So, 8 days ago, I wrote about doing THIS diet because of THIS. I quickly realised that the Newcastle Diet was too much like suffering and crash dieting and would be basically impossible for me to manage for 8 weeks. I asked for advice and opinions from all and the ONLY person that was advocating for it was my brother! Then a trillion different people suggested Paleo, there were suggestions of other ones, but they had numbers in their title and that put me off, being number dyslexic and all!
I had heard many online friends talk about Paleo in different threads, but I usually skimmed over them. I was also clearly still in denial about needing to change, scoffing chocolate every day since Millie was born and living on high carbs easy quick saturated fat coated in breadcrumbs type meals most of the time. It was like chocolate was my reward for doing a Gestational Diabetes diet during my pregnancy with her! Yeah I know two years is a long time to keep saying 'I deserve it!'. I deserve to be healthy.
Anyway, I'd caught the jist that this was a way of eating that dated back to the beginning, before oven ready food and before agriculture found grains and before sugar.
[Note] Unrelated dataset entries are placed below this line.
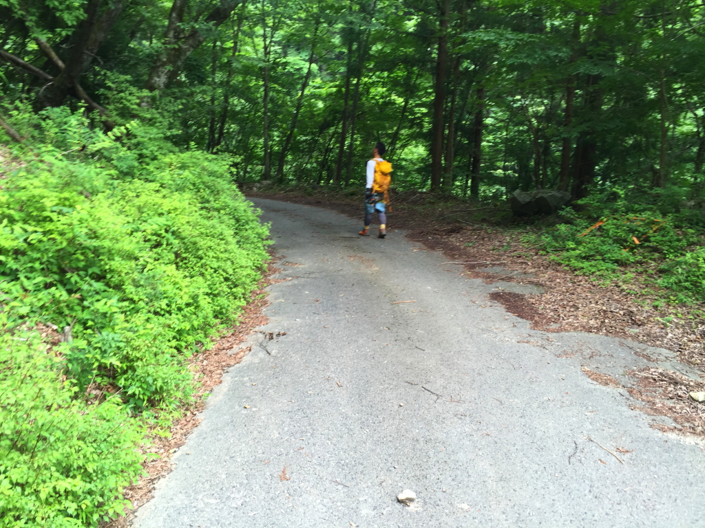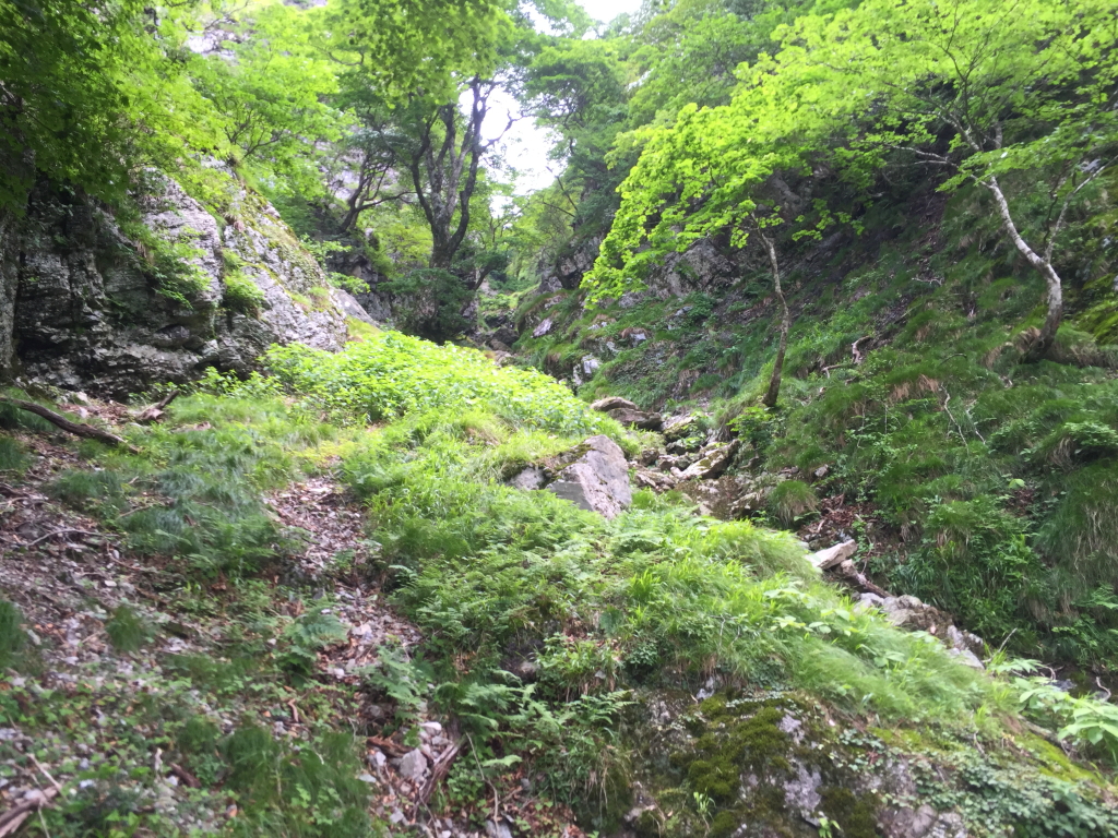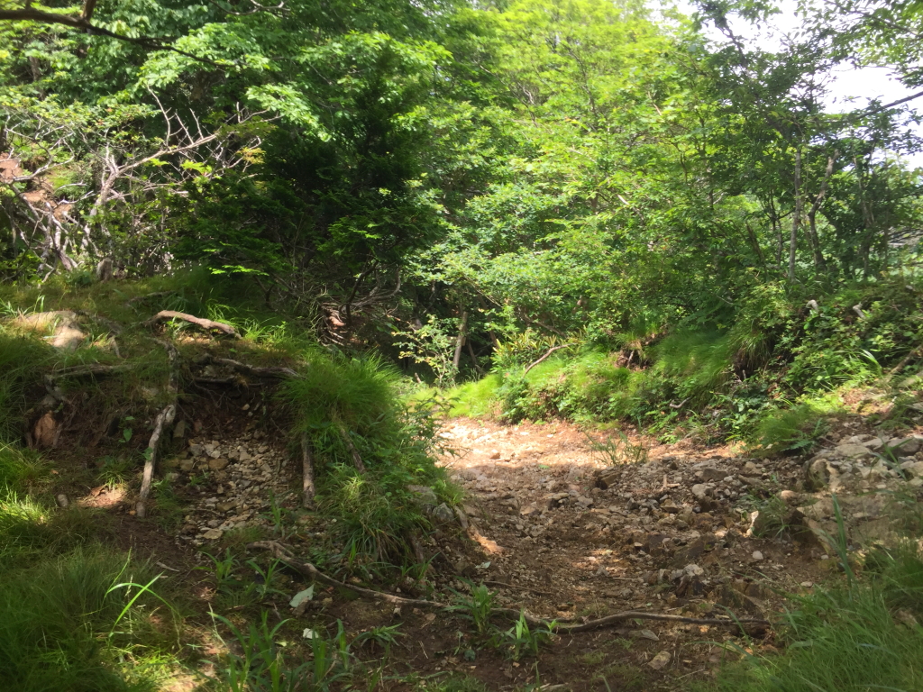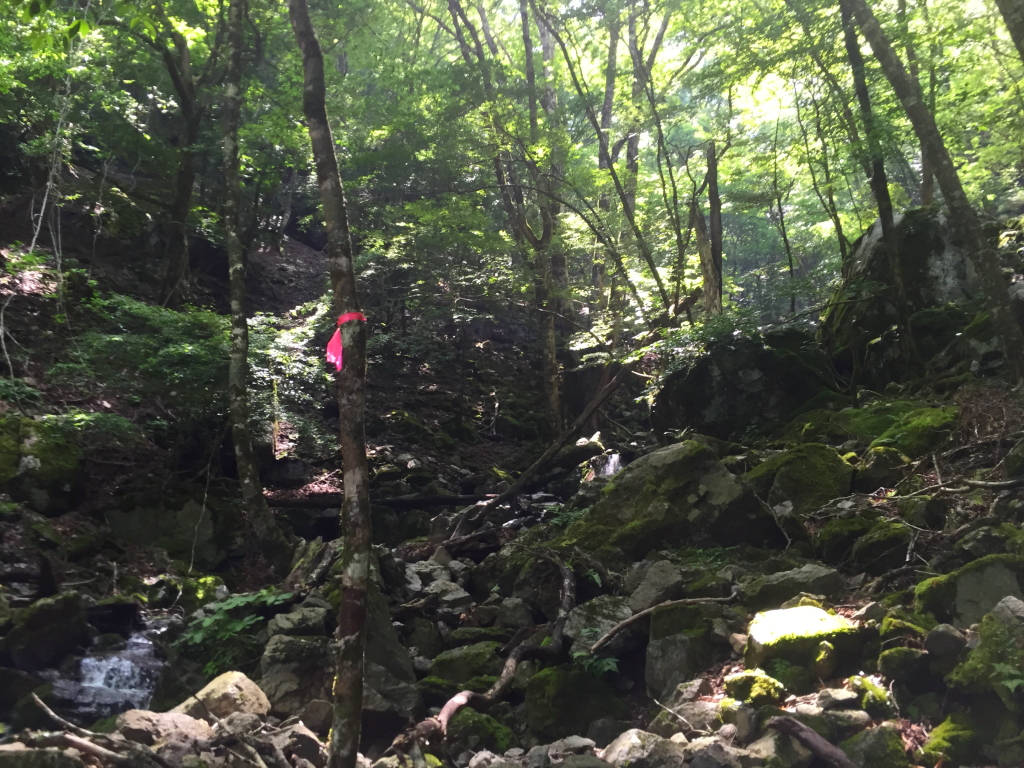 はぁはぁ息を切らしながらの急登。時間をかけてゆっくり登っていく。この後、右側に沢が見えてくるので沢のところを登る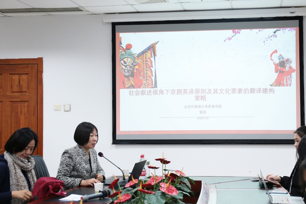 12月9日下午15点至17点,北京外国语大学彭萍教授应外文学院姜莉老师之邀,在coco漫画 后主楼1020会议室作了题为“社会叙述视角下京剧英译原则及文化要素的翻译建构策略”的讲座。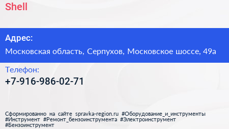 Shell по адресу Московская область, Серпухов, Московское шоссе, 49а в дальнейшем Организация, размещена в следующих категориях: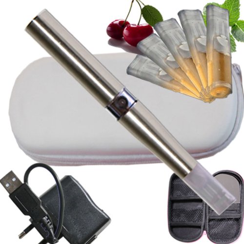Eine komplette elektronische Zigarette LiqC Ego-T Aroma Virginia Tabak Farbe Stahl 5 Depots mit e-Liquid ohne Nikotin, Nikotinfrei Etui Weiss mit Schminckspiegel, Travelcharger, USB
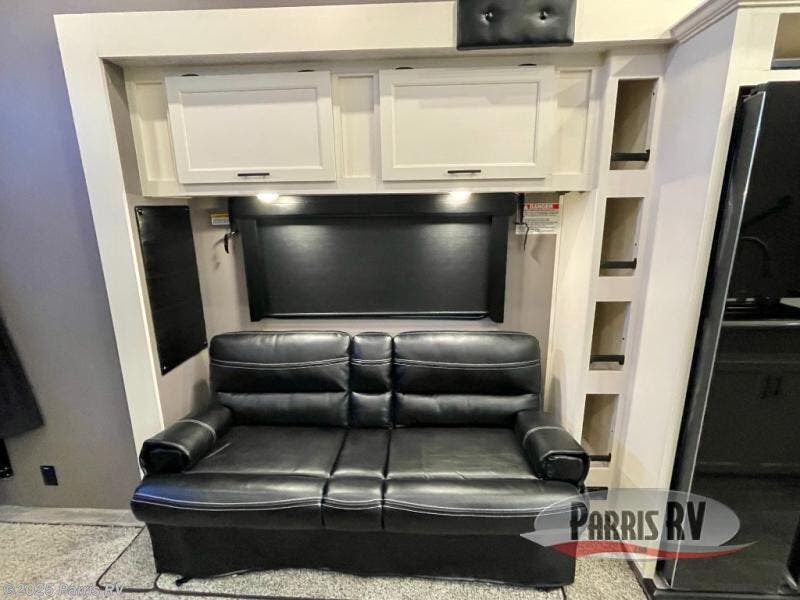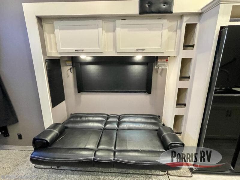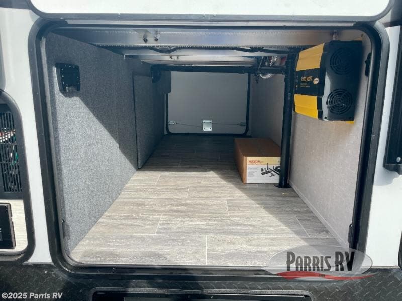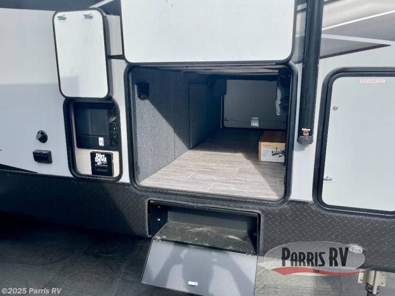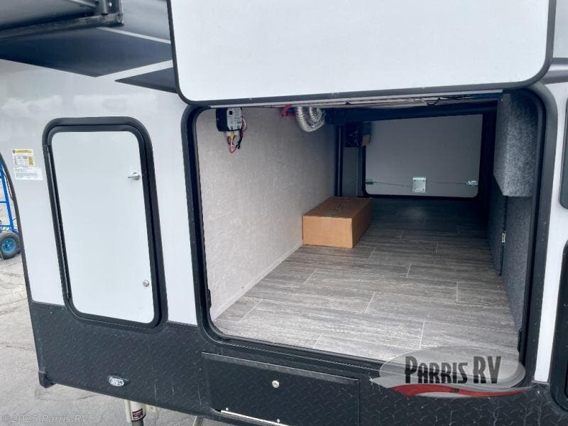 Wherever you decide to camp, this toy hauler is sure to bring fun. There is a front master bedroom with an RV king bed and a nightstand, plus a vanity/wardrobe slide that will provide more space. Your guests can sleep on the power queen bed after the toys are unloaded from the 16' 4" garage, and in the morning, they can relax on the power sofa bed under the top bed. The kitchen includes everything you need each day to prepare meals; a three burner cooktop, microwave oven, and an extra large double door refrigerator. You'll also appreciate the slam-door luggage compartments to store your larger camp gear, the 40 gallon fuel station to keep your toys ready to go, and the power awning with LED lights for an outdoor living space!

It's only been a week but what I can gather so far, are that the things to be eaten are meat and berries and fish and seeds and fruit and chicken and veg and basically REAL food, not processed fish in a batter and chips, not garlic bread or tinned soup or quorn pie or pizza or filled tortellini with pasta sauce or porridge and most certainly not sugar. No chocolate or crisps or biscuits. Easy quick tasty food. And it is tasty. But not healthy. I did occasionally cook real vegetables but I almost always mixed it with some type of grain or legume (cous cous, pasta, rice, chick peas, butter beans, lentils- is that Paleo, no idea?!) and of course chips. Usually oven chips. I've already been converted on the benefits of cooking with coconut oil instead of vegetable or sunflower or any other high smoke oil, so that was helpful.
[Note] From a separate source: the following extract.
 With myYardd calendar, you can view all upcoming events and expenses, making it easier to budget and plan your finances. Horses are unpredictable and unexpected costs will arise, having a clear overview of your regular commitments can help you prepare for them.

I'm reading about it now, lots of different articles, stories and I'm cooking food. I'm making meals. I'm eating fresh real food just without the grains and the sugar and the dairy for now. I'm getting loads of encouragement and support which is totally brilliant and definitely needed with such a massive change. I know I need to watch my fruit intake because blood sugar level reduction is my ultimate goal. Tonight my level was 6.8, the lowest for a long time!
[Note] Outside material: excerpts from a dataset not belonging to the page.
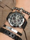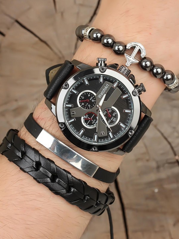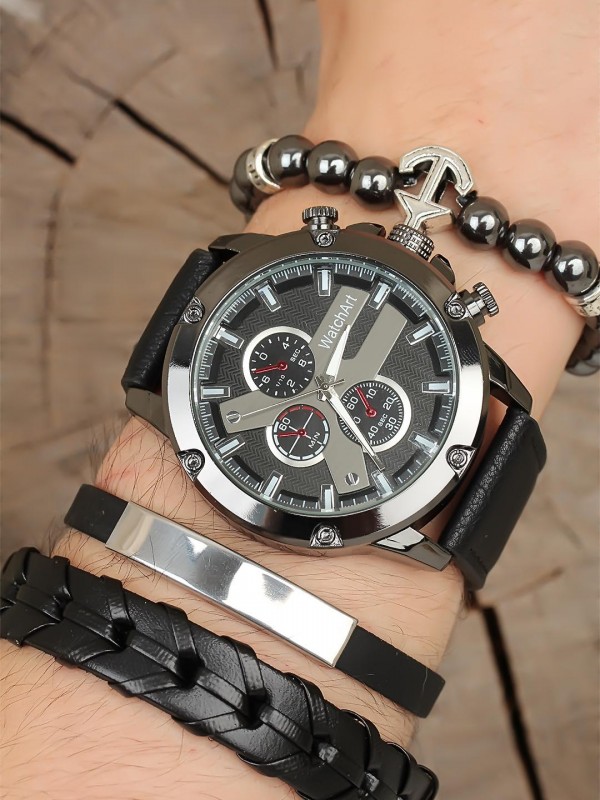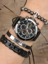 Deri bileklik tasarımlı siyah renk Deri Kordonlu Erkek Saat Kombini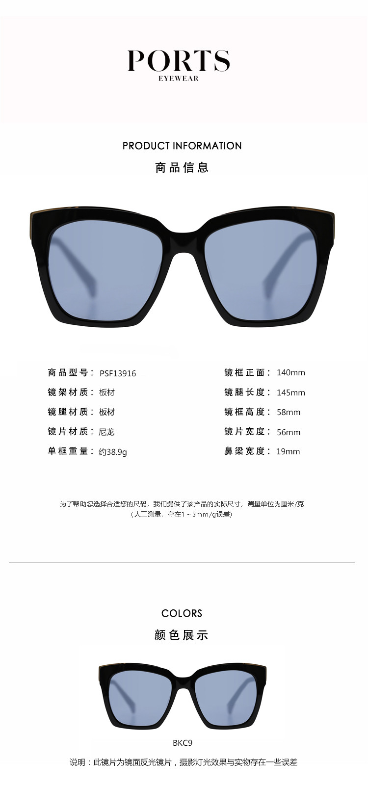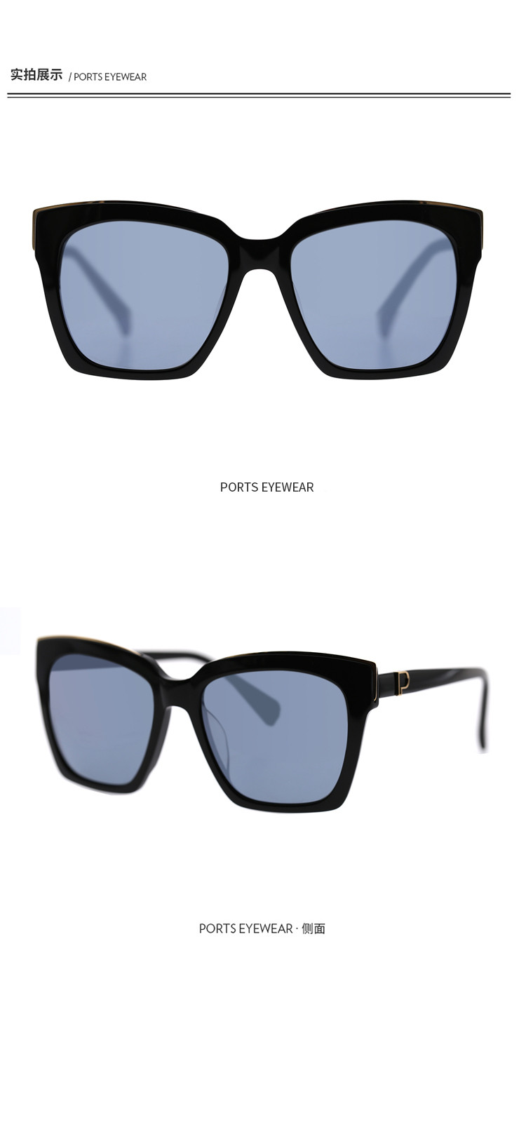 商品名称:PORTS休闲女款板材金属边复古方框女士太阳镜PSF13916 673546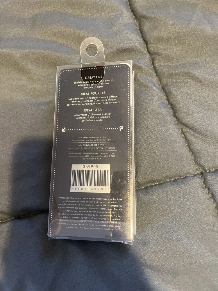 Great chalk markers that write very clean. Bought two packs last year and only used the one pack so im selling the other This set of five American Crafts Erasable Chalk Markers is perfect for any crafting project. The markers are designed with a multicolor tip, making them ideal for creating vibrant and eye-catching designs. They are made by TOMBOO, a trusted brand in the crafting industry, and are manufactured in China. These craft markers are perfect for use on a variety of surfaces, including paper, cardstock, and even fabric. They are easy to use and erase, making them a great choice for anyone who wants to add a pop of color to their crafts without worrying about permanence. This set is a great addition to any crafting supply collection and is sure to inspire creativity.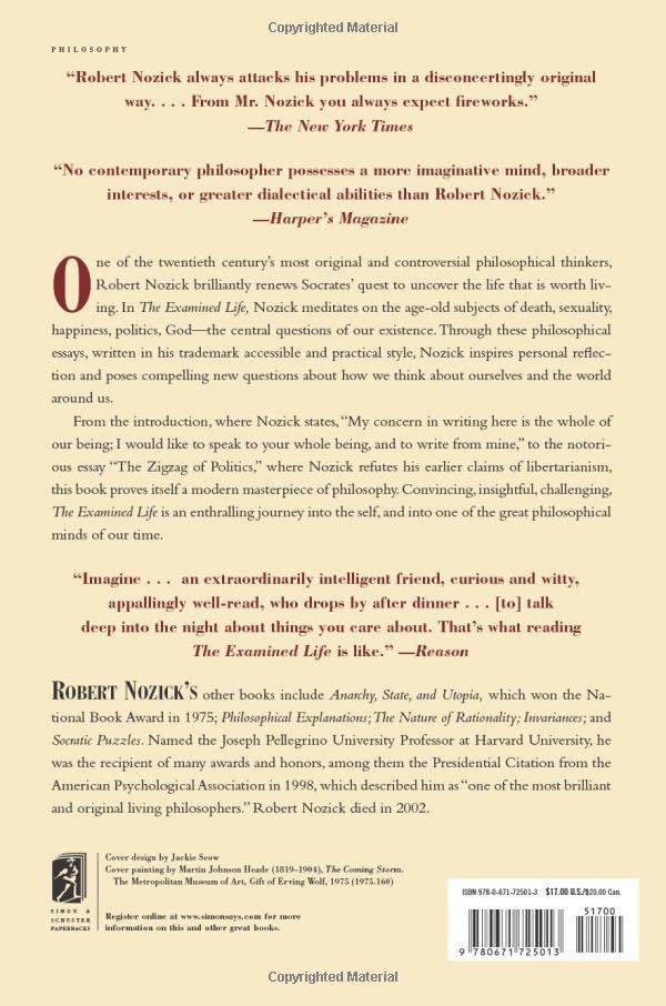 One of this century’s most original philosophical thinkers, Nozick brilliantly renews Socrates’s quest to uncover the life that is worth living. In brave and moving meditations on love, creativity, happiness, sexuality, parents and children, the Holocaust, religious faith, politics, and wisdom, The Examined Life brings philosophy back to its preeminent subject, the things that matter most. We join in Nozick’s reflections, weighing our experiences and judgments alongside those of past thinkers, to embark upon our own voyages of understanding and change.

I'm still learning about whats considered paleo or not but I'm beginning to understand since joining the trail (see if it leads me to eating better) that many people do things differently and at their own personal pace and journey. There are just some foods that are harder to leave behind than others and as many people have pointed out, as we evolved, so did our food availability and no-one *really* knows.
That means, I'm still eating ketchup, although I've made my own no sugar healthier version suggested to me. I'm also seeing the problems arising since the initial flourish and highend kick ass motivation is dying down and I realise that I will at some point need to make food that my children and hubby will also eat, since I am still cooking separately for them. Hubby is still on the quorn version and girls are still on pasta or fish fingers!! I'm definitely going to start missing things like chickpeas and cous cous and potatoes and putting things inside a sandwich or a bun and sometimes cheese but I'm hoping that this jump start onto healthier eating will allow my body to eat those things again if I need to.
I am also pretty sure at some point, I'm going to want chocolate. Like milk chocolate. All the chocolate eggs in the supermarket are taunting me. I LOVE my chocolate. I know there are substitutes and maybe the healthy eating and supplements with decrease my cravings but I doubt they will be gone forever. I mean just LOOK!
Of course I'm not forgetting the massive small issue of exercise and getting more....one step at a time!
I am obviously drawn to Paleo for some reason. Yet, it also makes sense. I raise my babies the cave way, surely I should also be eating the cave way!!!
Meltdowns - something is going on with Ellie, she is ALL over the place
Losing the Plot - in the restaurant today after the girls were just too much
Breastfeeding - yup! still happening. All. The. Time!!!